What the task requires:
Nothing but the pictures should be dropped; repeat the rest of the data below exactly.

Dataset excerpt:
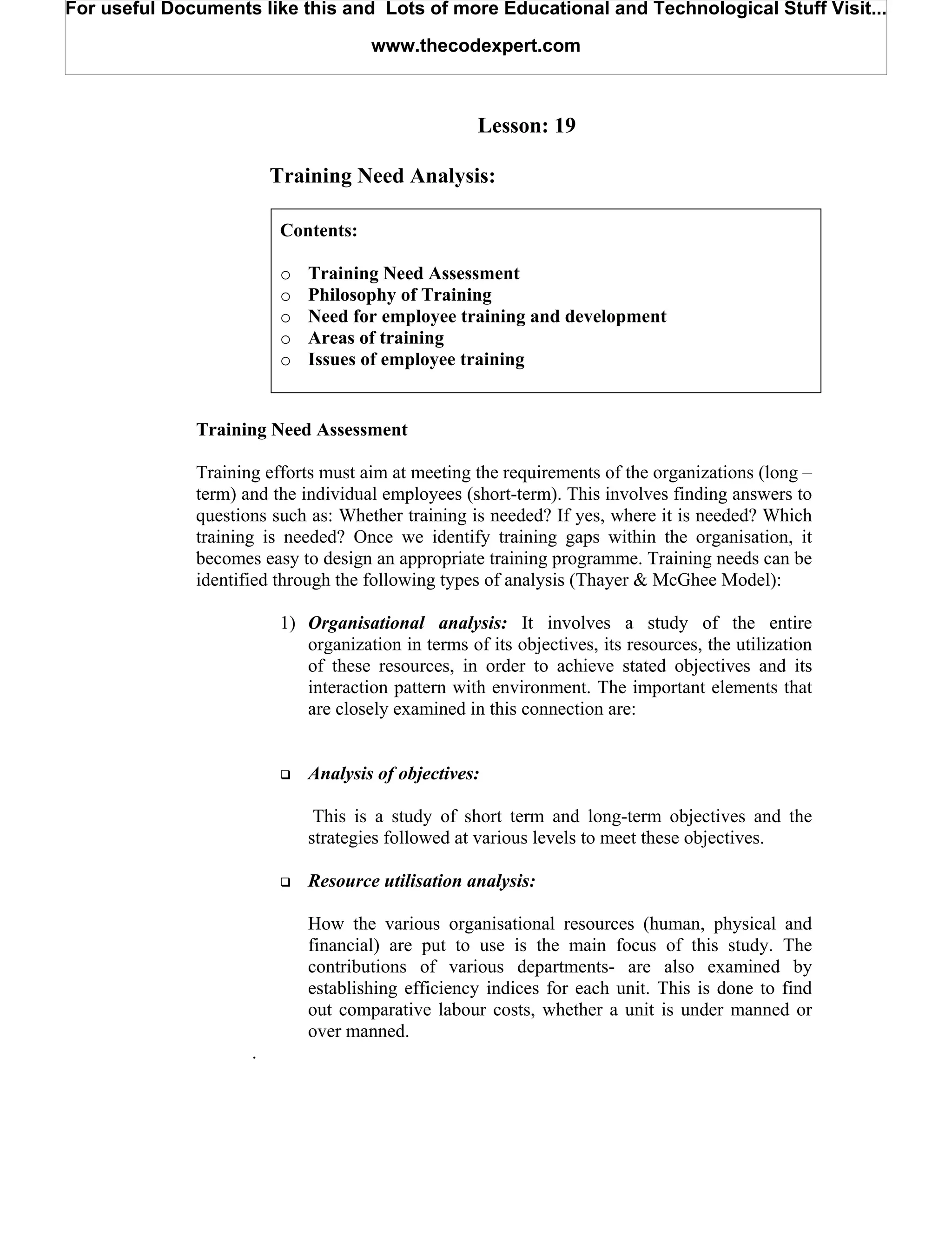 This document discusses training need analysis and the philosophy of training. It describes three types of analysis used to identify training needs: organizational analysis which examines objectives, resource use, and the environment; task or role analysis which examines individual jobs; and manpower analysis which focuses on individual employees. It also outlines key learning principles for effective training, including modelling desired behaviors, motivating employees by making training relevant, and reinforcing desired behaviors through rewards.
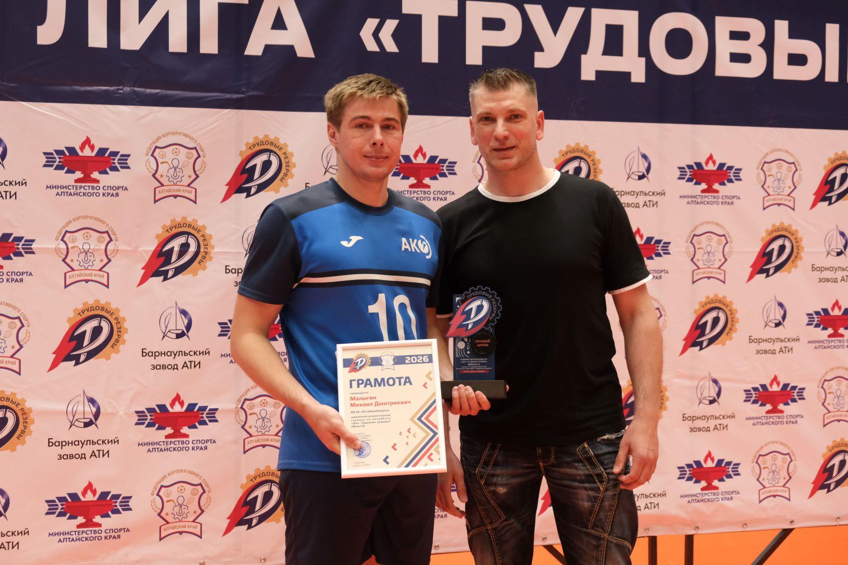 Особого признания удостоился Михаил Малыгин, который стал одним из лучших игроков турнира. Награду ему вручил легендарный барнаульский волейболист XXI века, мастер спорта международного класса Филипп Воронков.
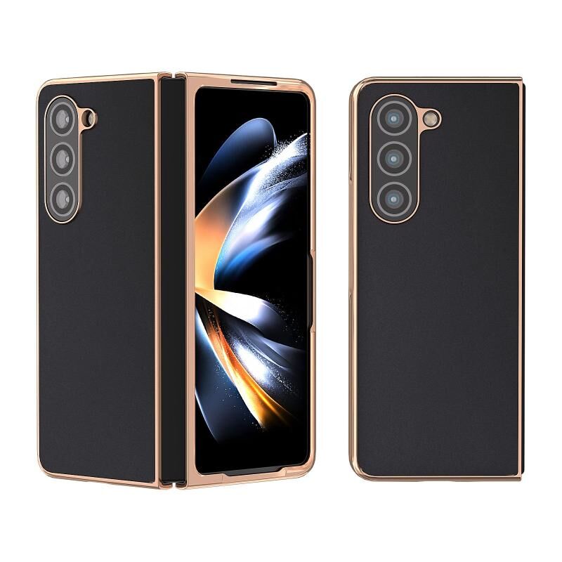 Θήκη τηλεφώνου Samsung Galaxy Z Fold5 από γνήσιο δέρμα, σειρά Silk, με νανοεπίστρωση (Μαύρο)

Response:
 This document discusses training need analysis and the philosophy of training. It describes three types of analysis used to identify training needs: organizational analysis which examines objectives, resource use, and the environment; task or role analysis which examines individual jobs; and manpower analysis which focuses on individual employees. It also outlines key learning principles for effective training, including modelling desired behaviors, motivating employees by making training relevant, and reinforcing desired behaviors through rewards.
 Особого признания удостоился Михаил Малыгин, который стал одним из лучших игроков турнира. Награду ему вручил легендарный барнаульский волейболист XXI века, мастер спорта международного класса Филипп Воронков.
 Θήκη τηλεφώνου Samsung Galaxy Z Fold5 από γνήσιο δέρμα, σειρά Silk, με νανοεπίστρωση (Μαύρο)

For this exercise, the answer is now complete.